Founding Byrds bassist Chris Hillman is among the many famous musicians featured in Epix’s new two-part docuseries Laurel Canyon, the first part of which premieres this Sunday, May 31, at 9 p.m. ET.
The series delves deeply into the fertile music scene that centered around Los Angeles’ Laurel Canyon neighborhood during the late 1960s and early ’70s.
Hillman tells ABC Audio that he feels the docuseries’ research was “spot on,” and that the whole project was “very well done.”
Chris recalls that The Byrds were among the first rock acts to move to the canyon, along with Frank Zappa. Hillman’s band played at various famous Sunset Strip clubs located right down the road from Laurel Canyon, including Ciro’s, The Trip and, of course, the Whisky a Go Go.
Chris says one of his favorite bands from the scene was Buffalo Springfield.
“I got to know them really well,” Hillman remembers, “and helped them get [their first] job at the Whisky a Go Go.”
Interestingly, two Springfield members, Stephen Stills and Neil Young, later teamed up with Byrds co-founder David Crosby in Crosby, Stills, Nash & Young.
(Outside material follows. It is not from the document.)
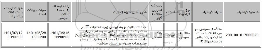 2001001017000020 | مناقصه عمومی دو مرحله ای خدمات نظارت و پشتیبانی زیرساختهای it | مناقصه عمومی | تهران | بانک مسکن | خدمات نظارت و پشتیبانی زیرساختهای IT در بخشهای شبکه، پشتیبانی سیستم کاربران، زیرساخت فعال و غیر فعال، تأسیسات و برق مرکز داده و سیستم مجازی سازی، مطابق شرایط و مشخصات مندرج در اسناد مناقصه. | 1401/06/16 08:00:00 | 1401/06/28 13:00:00 | 1401/07/12 13:00:00 |

Chris, meanwhile, wound up leaving The Byrds in 1968 to join Gram Parsons — who’d replaced Crosby in The Byrds — in the pioneering country-rock act The Flying Burrito Brothers.
“[I]t was sort of funny,” Hillman recalls, “’cause [Gram and I] would go down and play in these country-western clubs all around L.A. and sit in, and just glom onto it and absorb it all.”
In 1969, The Burrito Brothers welcomed to their lineup Bernie Leadon, who later became a co-founding member of The Eagles, one of the 1970s Laurel Canyon scene’s premier artists.
These inter-band connections are one of the fascinating aspects of the scene that the docuseries explores.